▶ DESCRIPTION OF THE TASK: Repeat the records below verbatim and include no pictures.

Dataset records

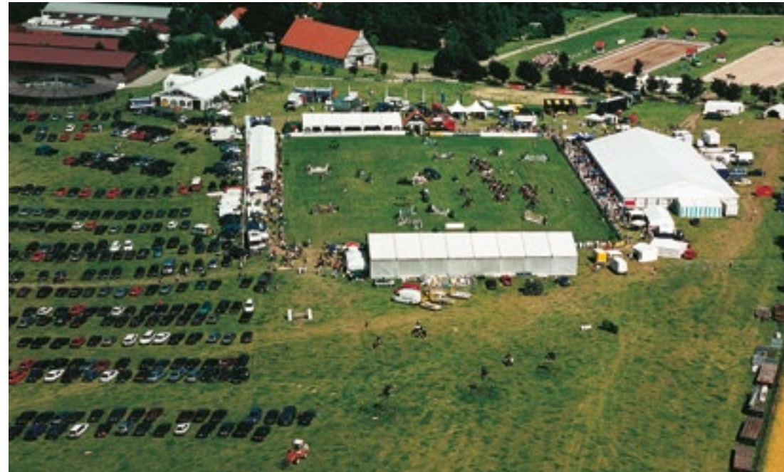
Europameisterschaft Pony Dressur / Springen / Vielseitigkeit 2000 & 2002
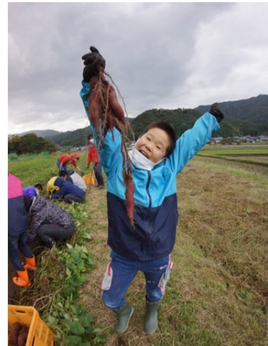
農泊・農業体験 (宮津市)
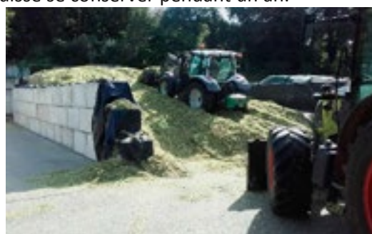
Confection du silo de maïs lors du chantier d'ensilage, en octobre.

Le maïs a été semé entre fin avril et mi-mai, après que l'agriculteur ait préparé la terre. Pour faire de l'ensilage, le maïs est récolté fin septembre début octobre avec une ensileuse qui hache les plants de maïs en morceaux de 1 à 2 centimètres. A la ferme, le maïs ensilage est stocké en tas très tassé de telle manière qu'il puisse se conserver pendant un an.
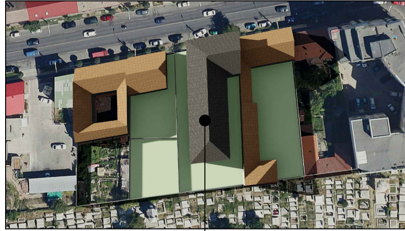
21 Iunie ORA 19
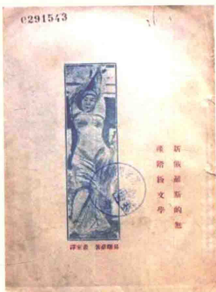
《新俄罗斯的无产阶级文学》，1927年
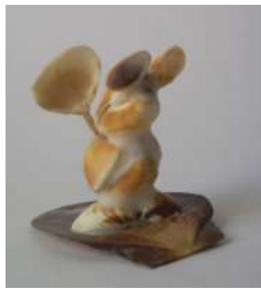
Pieza terminada con adecuado recubrimiento de la masilla y sin excesos Artesanías de Colombia - Fotografía: Claudia Helena González – Febrero de 2006
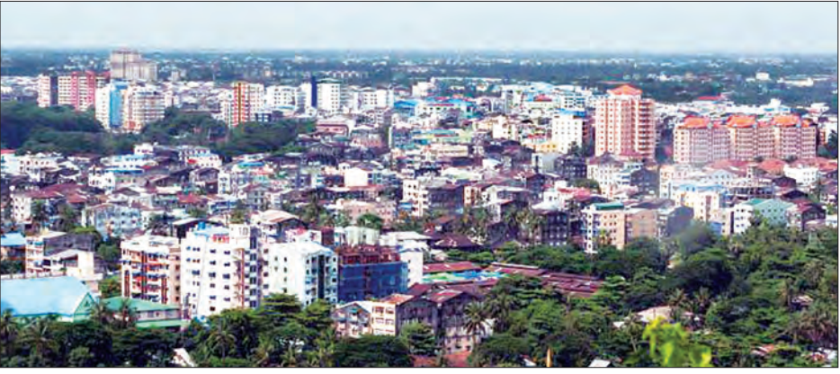
အဆောက်အအုံများအတွက် ဖြစ်ကြောင်း၊ မြန်မာနိုင်ငံတွင် စီးပွားရေးဖွံ့ဖြိုးတိုးတက်လာမှုနှင့်အညီ မြို့ပေါ်နေလူဦးရေ တဖြည်းဖြည်း တိုးတက်လာလျက်ရှိရာ တိုးပွားလာသော မြို့ပေါ်နေပြည်သူများအတွက် အထပ်မြင့်အဆောက်အအုံများ တိုးချဲ့တည်ဆောက်လျက်ရှိကြောင်း သိရသည်။ ရင်းနှီးမြှုပ်နှံမှုလုပ်ငန်း နှစ်ခု ခွင့်ပြုပေးခဲ့ပြီး သယ်ယူပို့ဆောင်ရေးလုပ်ငန်းတစ်ခုနှင့် အခြားဝန်ဆောင်မှုလုပ်ငန်း တစ်ခုဖြစ်ကြောင်း၊ အလုပ်အကိုင်အားဖြင့် အလုပ်အကိုင်
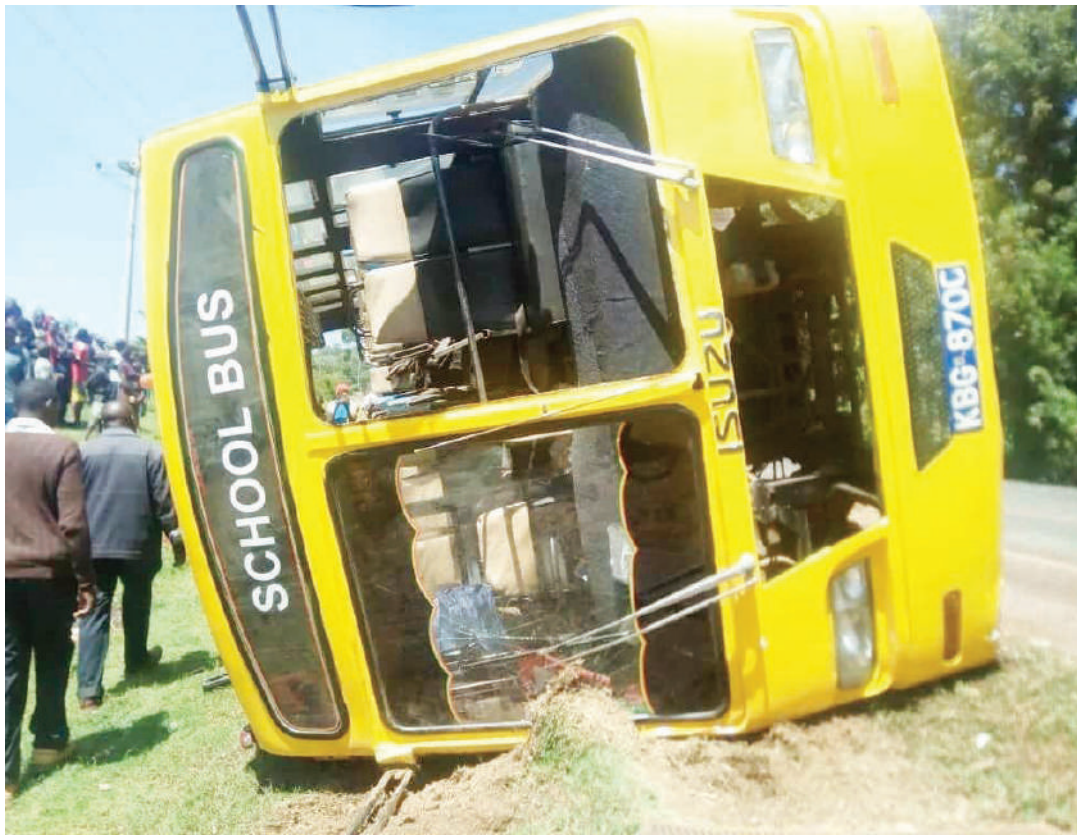
Usafiri wa kutumia mabasi ya shule wakati mwingine ni kero yanapoharibika na kukwama barabarani.

Kuharibika kunasababisha kuchelewa kufika vituoni, hivyo

▶ COMPLETED EXERCISE:
Europameisterschaft Pony Dressur / Springen / Vielseitigkeit 2000 & 2002
農泊・農業体験 (宮津市)
Confection du silo de maïs lors du chantier d'ensilage, en octobre.

Le maïs a été semé entre fin avril et mi-mai, après que l'agriculteur ait préparé la terre. Pour faire de l'ensilage, le maïs est récolté fin septembre début octobre avec une ensileuse qui hache les plants de maïs en morceaux de 1 à 2 centimètres. A la ferme, le maïs ensilage est stocké en tas très tassé de telle manière qu'il puisse se conserver pendant un an.
21 Iunie ORA 19
《新俄罗斯的无产阶级文学》，1927年
Pieza terminada con adecuado recubrimiento de la masilla y sin excesos Artesanías de Colombia - Fotografía: Claudia Helena González – Febrero de 2006
အဆောက်အအုံများအတွက် ဖြစ်ကြောင်း၊ မြန်မာနိုင်ငံတွင် စီးပွားရေးဖွံ့ဖြိုးတိုးတက်လာမှုနှင့်အညီ မြို့ပေါ်နေလူဦးရေ တဖြည်းဖြည်း တိုးတက်လာလျက်ရှိရာ တိုးပွားလာသော မြို့ပေါ်နေပြည်သူများအတွက် အထပ်မြင့်အဆောက်အအုံများ တိုးချဲ့တည်ဆောက်လျက်ရှိကြောင်း သိရသည်။ ရင်းနှီးမြှုပ်နှံမှုလုပ်ငန်း နှစ်ခု ခွင့်ပြုပေးခဲ့ပြီး သယ်ယူပို့ဆောင်ရေးလုပ်ငန်းတစ်ခုနှင့် အခြားဝန်ဆောင်မှုလုပ်ငန်း တစ်ခုဖြစ်ကြောင်း၊ အလုပ်အကိုင်အားဖြင့် အလုပ်အကိုင်
Usafiri wa kutumia mabasi ya shule wakati mwingine ni kero yanapoharibika na kukwama barabarani.

Kuharibika kunasababisha kuchelewa kufika vituoni, hivyo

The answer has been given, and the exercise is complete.